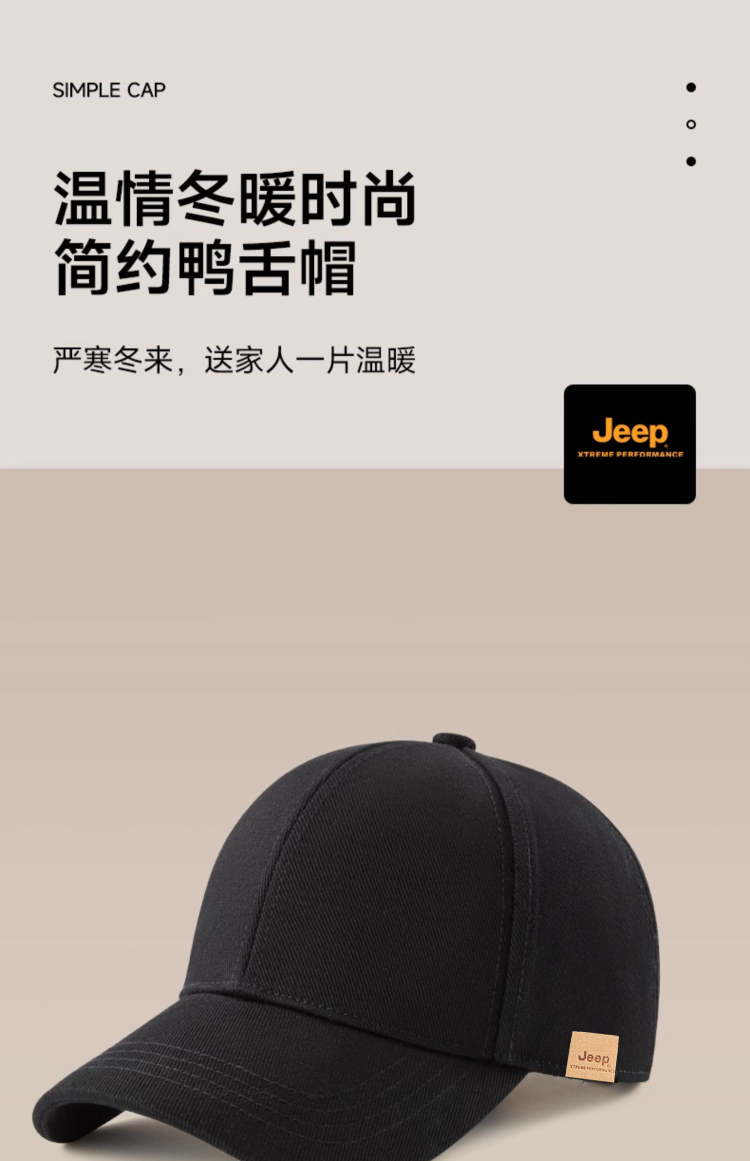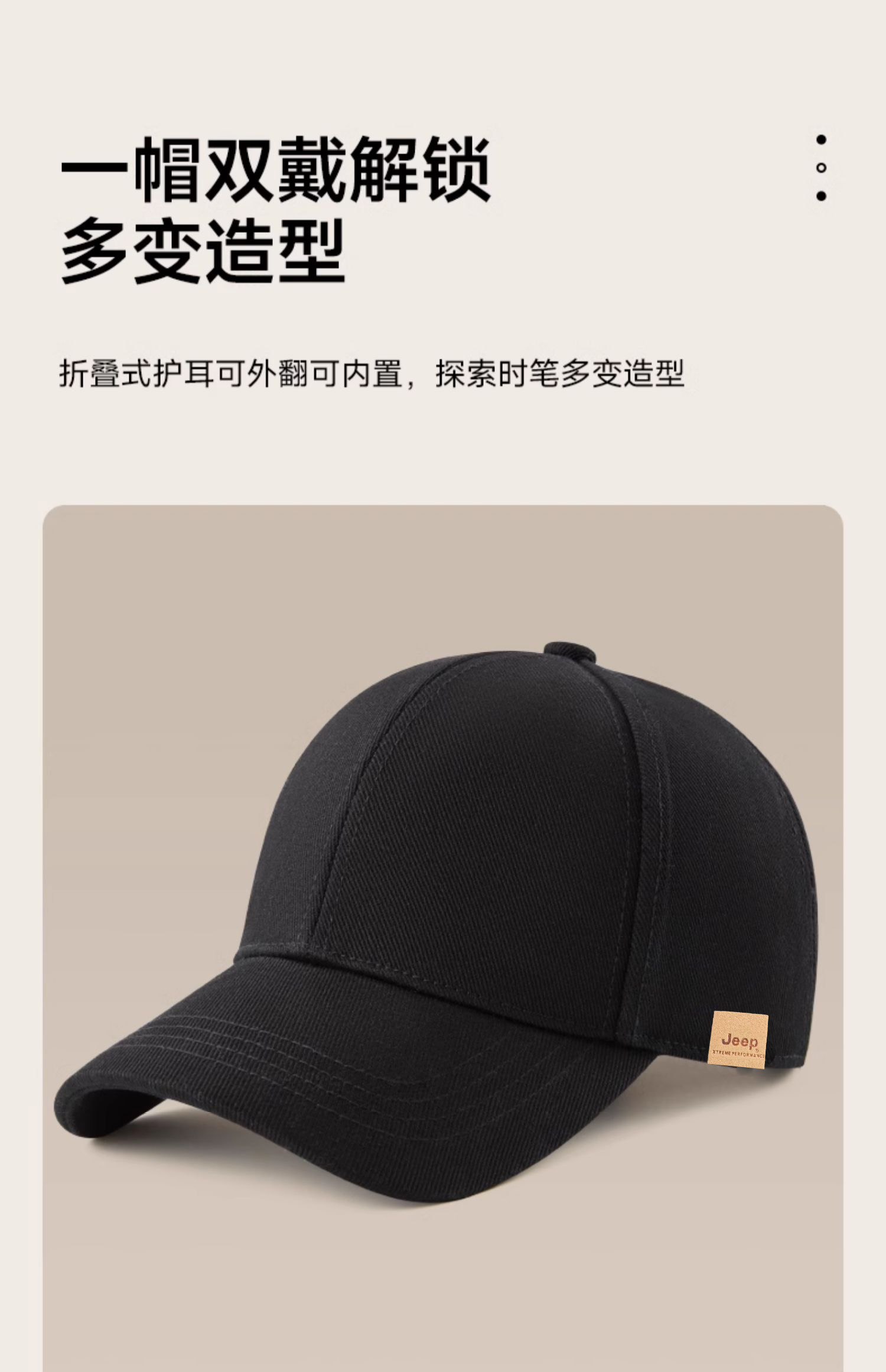 JEEP新款科技御寒鸭舌帽春秋简约舒适加大深折叠式护耳棒球帽
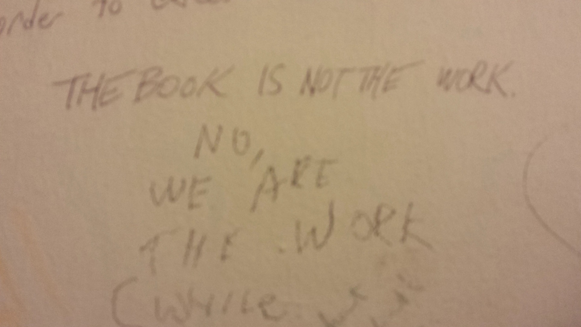 Another Goddardism: trust the process. Anytime the work you've set for yourself appears like too much: trust the process. When your advisor bashes the entirety of your work for a packet: trust the process. Part of me wants to strangle the mantra; yet, I refuse for the simple fact that to trust the process is to trust yourself. The process is you. To further emphasize this notion, I give you my favorite piece of graffiti written in the Music Building.
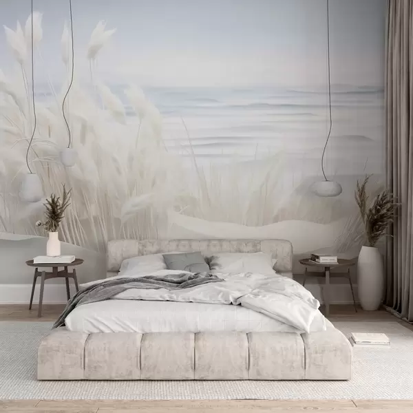 Fototapetes Ainava ar baltu pampas zāli uz smilšu kāpas, ar gaiši zilu okeānu fonā, maigs, minimālisma stils Nr. w09132
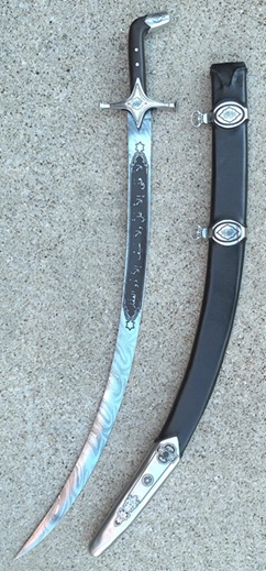 "Apart from scimitars, double-edged swords called quaddare were also used in Persia. ... [One type] had a flat blade, was often decorated with an acid etched letter ornament and had a symmetrical, metal hilt with a small pommel. The quillon ends were curved in the blade's direction."
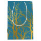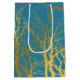 Gold Tree Branches Pattern Blue Background Medium Gift Bag
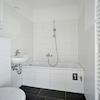 - modern gefliestes Wannenbad mit Waschmaschinenanschluss & praktischen Handtuchheizkörper
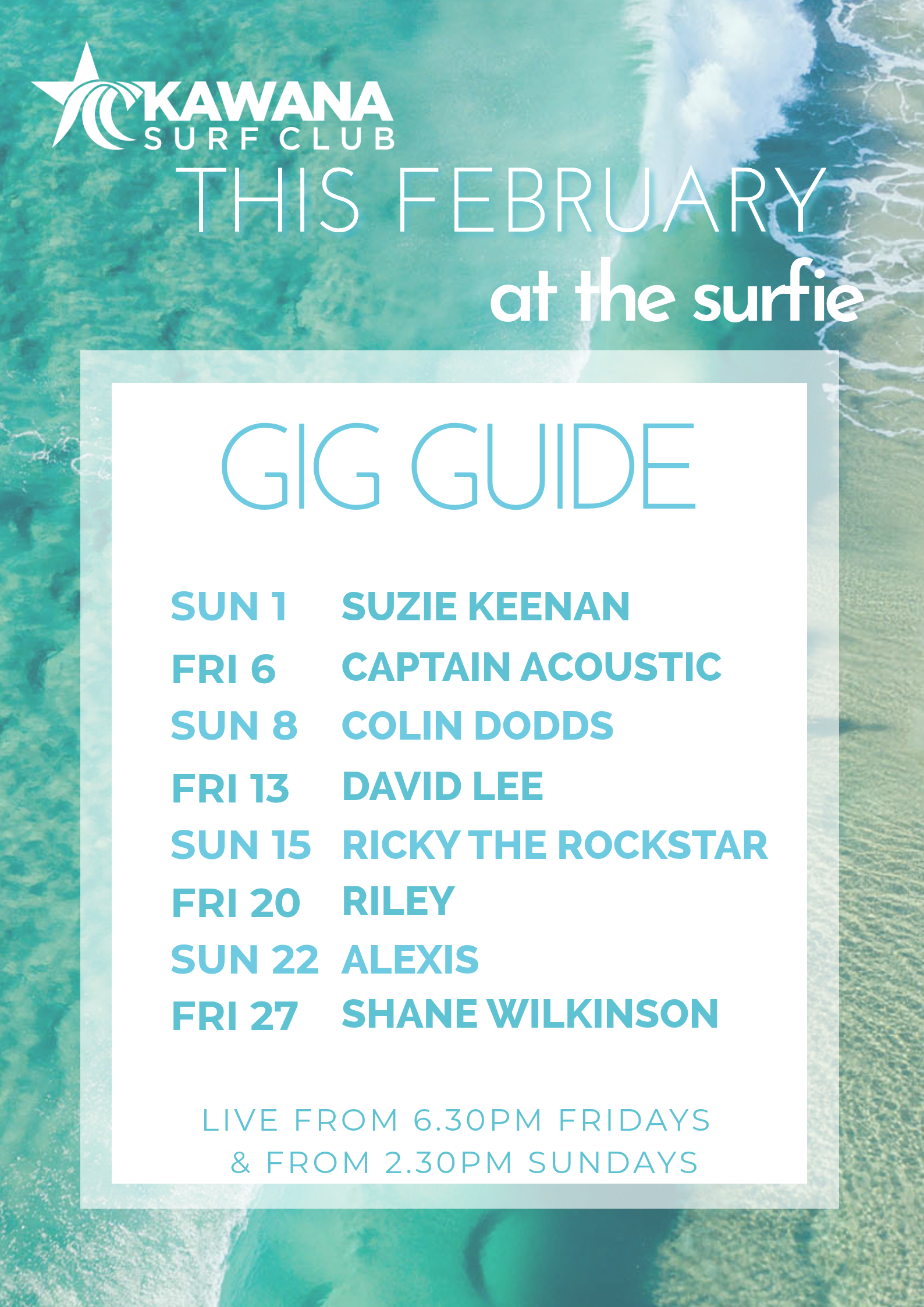 THIS MONTH’S GIG GUIDE AT THE SURFIE!
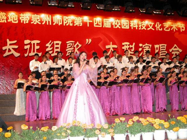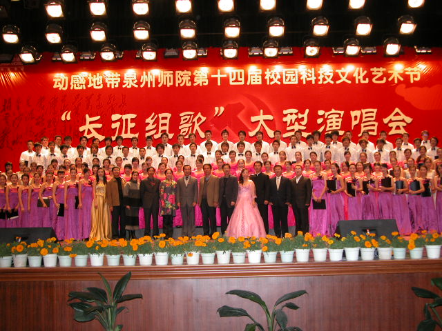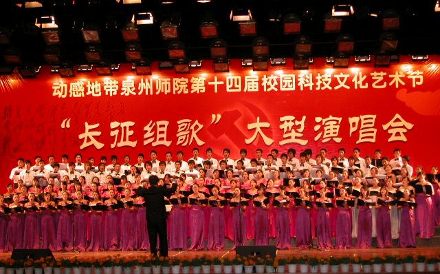 12月29日晚,由艺术节组委会主办,校宣传部、团委会和艺术学院承办的动感地带泉州师院第十四届校园科技文化艺术节“长征组歌”大型演唱会在东海校区陈祖昌大礼堂成功举办。校党委副书记张舟出席了演唱会并致辞。

# # #

## Exercise:
Copy out nothing but the lines from the beginning of the records through the one that contains "Fototapetes Ainava ar". Skip the pictures.

## Response box:
 JEEP新款科技御寒鸭舌帽春秋简约舒适加大深折叠式护耳棒球帽
 Another Goddardism: trust the process. Anytime the work you've set for yourself appears like too much: trust the process. When your advisor bashes the entirety of your work for a packet: trust the process. Part of me wants to strangle the mantra; yet, I refuse for the simple fact that to trust the process is to trust yourself. The process is you. To further emphasize this notion, I give you my favorite piece of graffiti written in the Music Building.
 Fototapetes Ainava ar baltu pampas zāli uz smilšu kāpas, ar gaiši zilu okeānu fonā, maigs, minimālisma stils Nr. w09132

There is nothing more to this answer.